Is it weird that I am actually looking forward to going back to work? When all I had was a 2 day weekend? I guess being lonely is really getting to me, and I'd rather be at work where I can engage in social encounters. Sadly, most of these encounters are getting a little on the annoying side. I'm not a senior graphic artist, but sometimes I feel like one when I have people asking me design questions. I love to answer them, but there are a couple of people that I feel as though I am holding their hands throughout the shift. I'm flattered that they always want me design advice, but again… a lot of the times its stuff I figured that they would pick up on. I understand how they feel though, and it makes me rethink feeling annoyed by them. They sit next to 2 very opinionated designers who cut corners to build graphics. We work in a business where producers will reopen orders because of a mistake on their part, and when we have to open files made by these designers… it's nearly impossible to make a quick fix to the problem. I've been trying to teach everyone to take the extra time to make our graphics easy to fix, this way when we get an order that wants the very same style of another… we don't have to completely redesign it because someone made it simple for themselves.
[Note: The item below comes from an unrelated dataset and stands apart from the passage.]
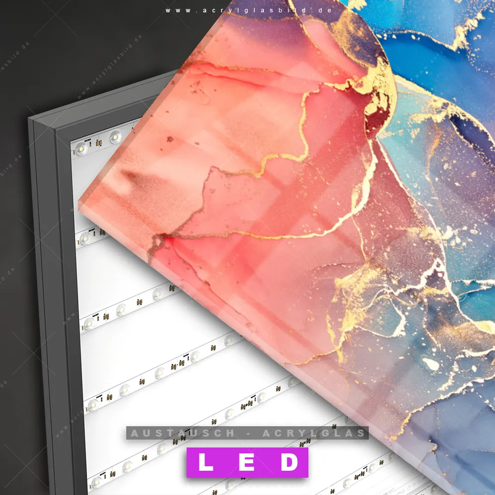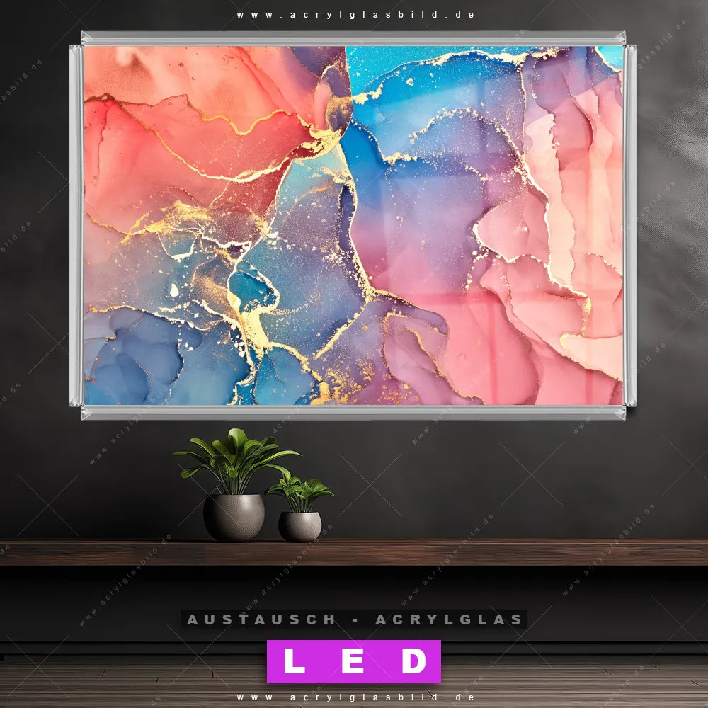 Begriffe wie Marmor, Flüssigkeit, Acryl, flüssig, Farbe, Marmorierung, Fluid Art haben dich auf der Suche nach deinem neuen Austausch-Acrylglasbild inspiriert? Dann sollte das Wechsel-Acrylglasbild verlaufende Farben mit Goldpuder für dein bereits vorhandenes LED Acrylglasbild Canvalight® DIA den Weg zu dir finden.

Anyway, we have too many design perspectives, and thats what you get when you work in the design industry. Everyone has a different input on what they think the graphic should look like, and there are those who value their own input over everyone else's. Don't get me wrong, I can be that way… when I have a vision that moves me, its nearly impossible for me to take advice to go a different direction. My only problem is that I do want people to make things simple to edit for later production. There is nothing like animating a map in english, and then a spanish station asks for the EXACT same map but to change the labels in spanish, and we find that the map's labels are all merged layers… Can't edit… Nearly have to redo the map. Something that could have been a 5 minutes fix, is now a 30 minute fix. Ah well… :/
My mother's puppy, Xena, has 4 kidney stones… I had to hand feed her on saturday, and she was shaking up a storm. I felt so sorry for her. She's the little princess of that house, and it would be horrible to see anything happen to her, especially when she brings so much joy to my Mother. Same can be said about Zorro. He's been around for 9 years, and he is a joy to have around. Both of those puppies are very special. I just love those dogs
Going out to see Captain America, tonight. Have not been to the movies for a while, but thats also due to my unexciting schedule. Work 3p-12a tuesday thru saturday, does not give me much of a social life… still, it's far better than the horrid 7a-4p I had… never got enough sleep, and I still worked saturday 3p-12a. Everyone I know, here in Texas, is at church on sunday morning, eating lunch, then going home to nap. Thinking about hitting up a bar every sunday night, tired of sitting at home, working out or watching tv… although eh working out part kicks ass. Getting my energy back!